Begin at the line below that holds "Ricardo Ronquillo Bello, presidente" and end at the line that holds "in diretta streaming.", transcribing each line exactly and skipping any picture.

:: Stored data ::
BEGIN

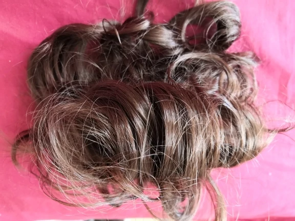 Заказала три штуки, чтобы попасть в цвет, в итоге всё равно не попала. Но тут претензий нет. Все три изделия (не знаю, как их правильно назвать) сделаны весьма неряшливо, но по цене и качество. До этого заказывала у другого продавца, но там меньше цветов и дороже в полтора раза. Но и качество лучше. Эти же изделия имеют длинные волосы, поэтому они не торчат завитками, а спадают волнами, ну и видно резинку, на которой они намотаны. На фото темный хвост - это чужой, другого продавца, он для сравнения. В целом, если надо найти свой цвет и если поработать руками над этими хвостами (аккуратно расчесать, расправить на резинке, где-то начес сделать, правильно уложить, когда наденешь), покупать и носить их можно. С теми короткими, что я раньше покупала, таких проблем нет. Расчесал наскоро, нацепил и побежал :) Фактура хорошая, не сильно блестящая, не выделяются на своих волосах (если в цвет попадёшь). Доставка быстрая.
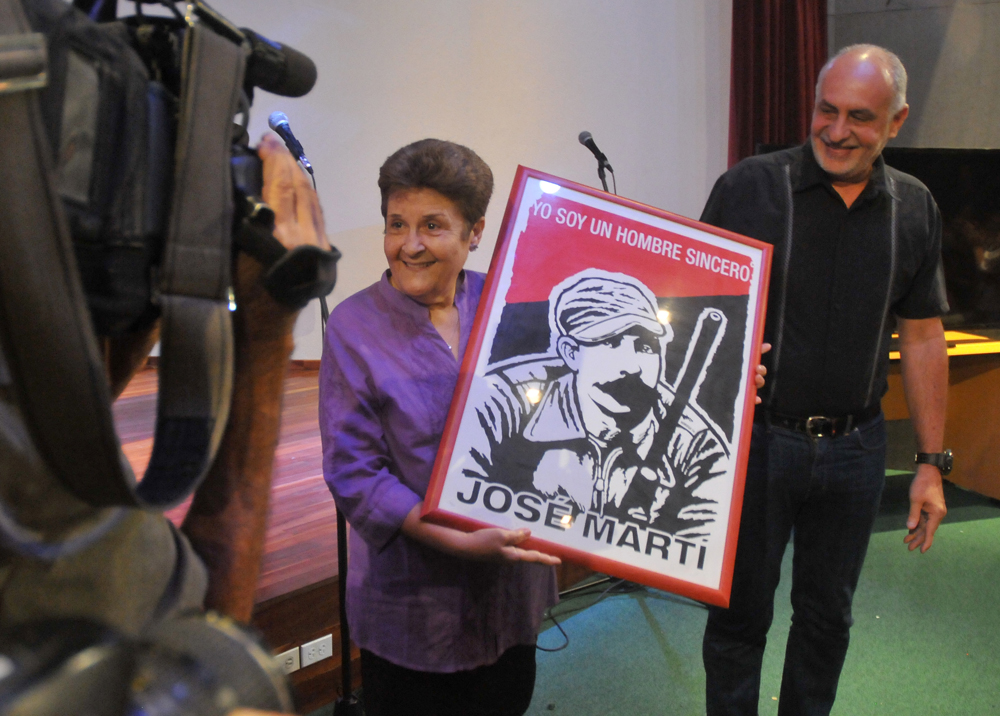 Ricardo Ronquillo Bello, presidente de la Unión de Periodistas de Cuba, entregó a la Agencia la serigrafía El Héroe; igualmente, a nombre del Comité Central Gaute López confirió un reconocimiento.
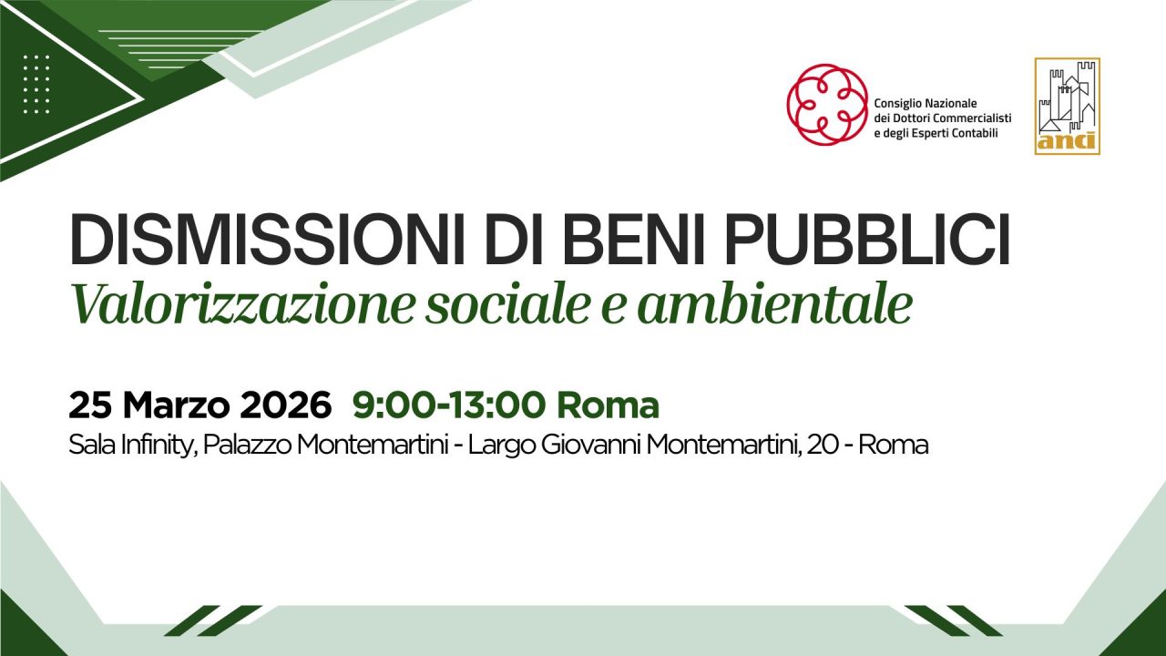 “Dismissione di beni pubblici. Valorizzazione sociale e ambientale” è il titolo del convegno organizzato dal Consiglio Nazionale dei Commercialisti, in collaborazione con ANCI, che si svolgerà il prossimo 25 marzo a Roma presso il Palazzo Montemartini in largo Giovanni Montemartini 20 (ore 9.00-13.00), con il fine di affrontare il tema del rischio di depauperamento patrimoniale connesso al protratto inutilizzo di un bene pubblico. Sarà possibile seguire l’evento anche in diretta streaming.
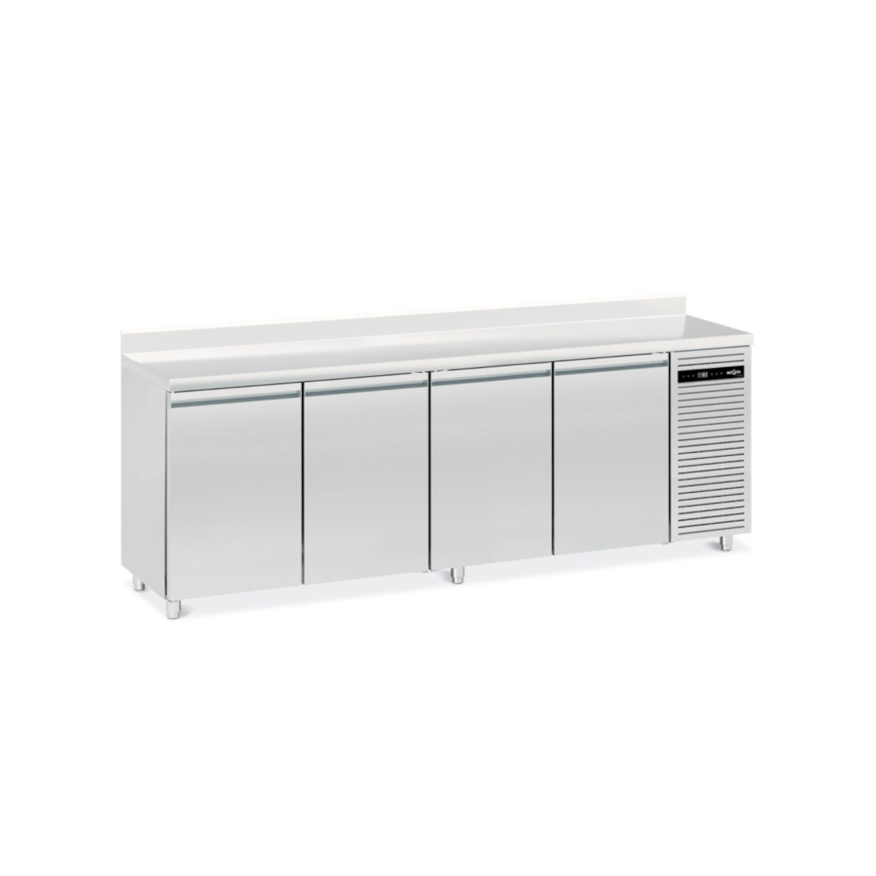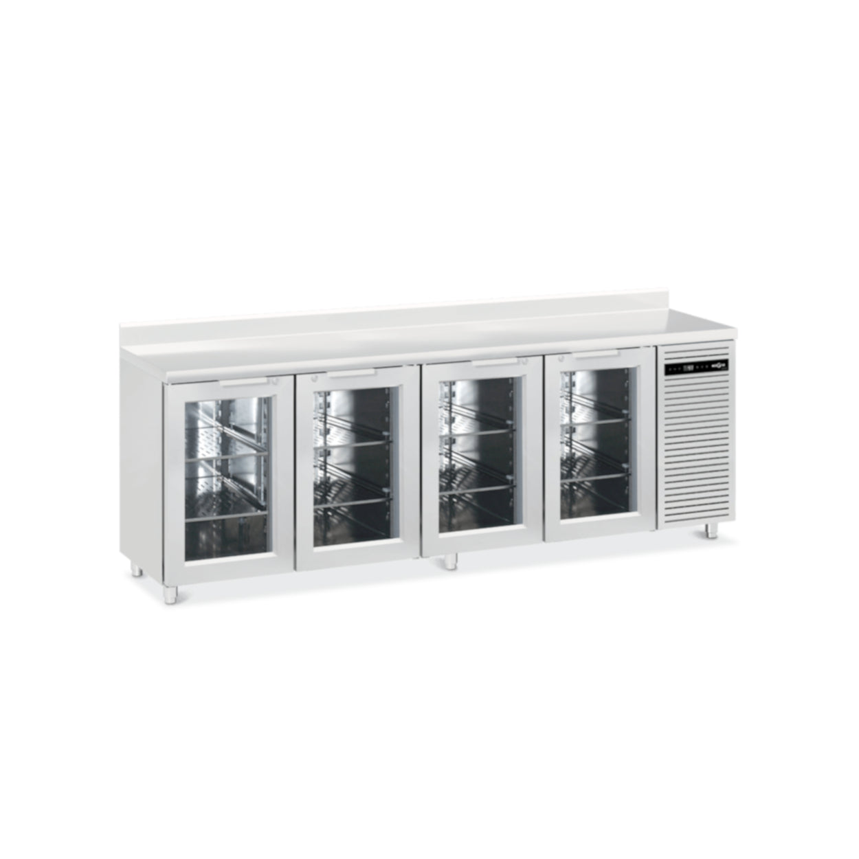 Projetado para atender às necessidades dinâmicas de bares e padarias, o balcão L0 é o epítome da eficiência e versatilidade na refrigeração de garrafas. A sua estatura é compacta e alta, tornando-o ideal para qualquer espaço. O contador funciona dentro de uma faixa de temperatura de +4 °C a +8 °C, graças ao refrigerante ecológico R290. Possui um sistema de estantes capaz de acomodar até sete prateleiras de 40x48 cm por porta, garantindo que diversas garrafas possam ser resfriadas simultaneamente. O contador L0 foi projetado com vários recursos para aprimorar o fluxo de trabalho, incluindo um sistema de degelo automático que funciona fora do ciclo e evapora a água do degelo, bem como grandes evaporadores localizados no espaço vazio atrás dos montantes da porta. O controlador eletrônico simplifica a operação com seu display digital e teclado de toque plano. Com sete pares de controles deslizantes incluídos, o balcão pode conter bandejas em prateleiras de 40x48 por seção, e as estantes de aço inoxidável são projetadas para fácil remoção sem ferramentas. Por último, a ventilação respiratória frontal garante que o desempenho do contador permaneça confiável, mesmo nos ambientes mais movimentados.
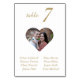 These white and gold wedding photo table numbers are both an elegant and unique way to add extra personalisation to your wedding. Serving as both decorative and functional, these table numbers are complete with a white background, table number, names of the guests, and your own photo cut into a heart shape. Enjoy!
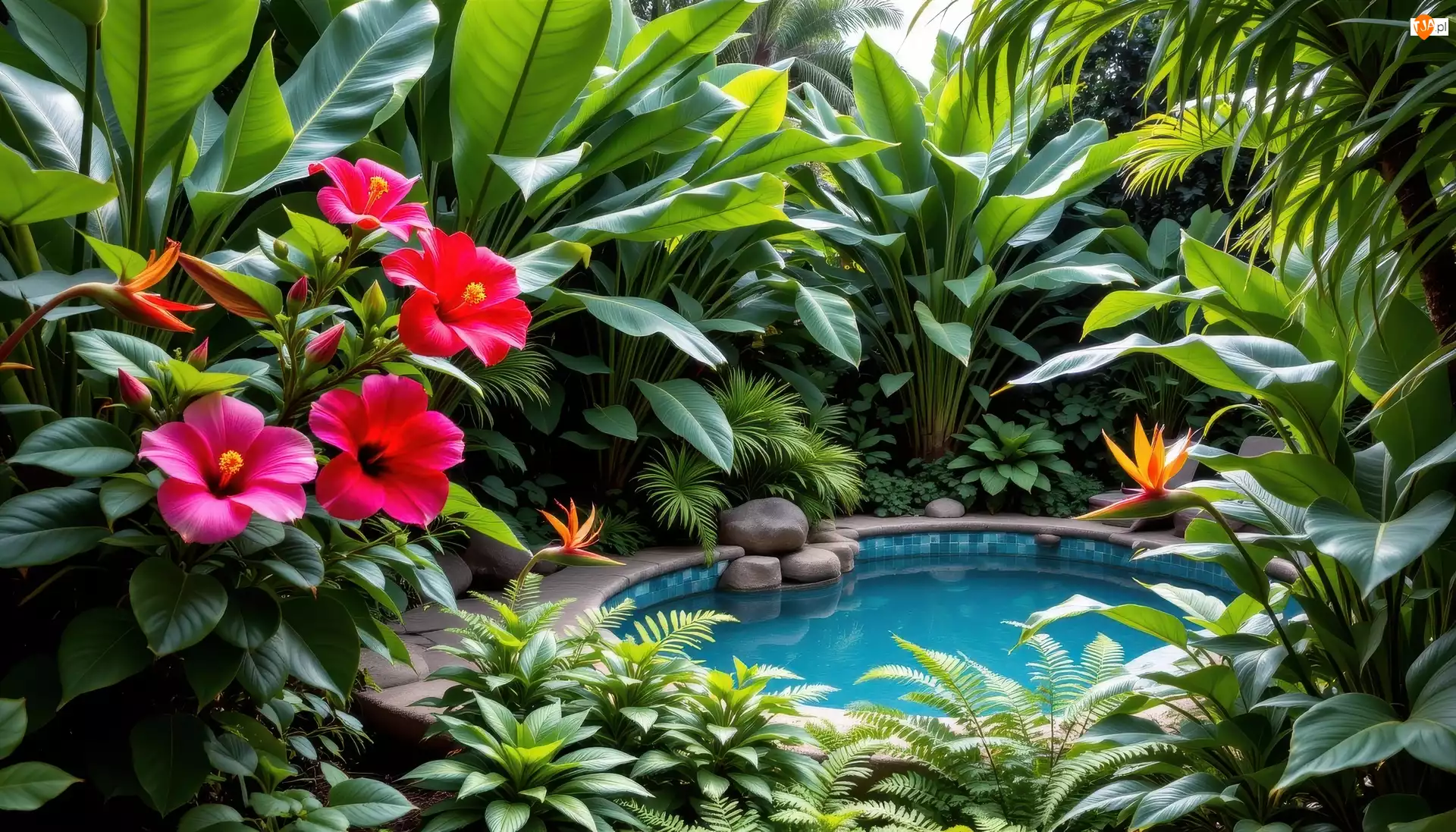 Paprocie, Ogród, Czerwone, Liście, Oczko wodne, Strelicje, AI, Kwiaty

END

:: Solution to the problem ::
 Ricardo Ronquillo Bello, presidente de la Unión de Periodistas de Cuba, entregó a la Agencia la serigrafía El Héroe; igualmente, a nombre del Comité Central Gaute López confirió un reconocimiento.
 “Dismissione di beni pubblici. Valorizzazione sociale e ambientale” è il titolo del convegno organizzato dal Consiglio Nazionale dei Commercialisti, in collaborazione con ANCI, che si svolgerà il prossimo 25 marzo a Roma presso il Palazzo Montemartini in largo Giovanni Montemartini 20 (ore 9.00-13.00), con il fine di affrontare il tema del rischio di depauperamento patrimoniale connesso al protratto inutilizzo di un bene pubblico. Sarà possibile seguire l’evento anche in diretta streaming.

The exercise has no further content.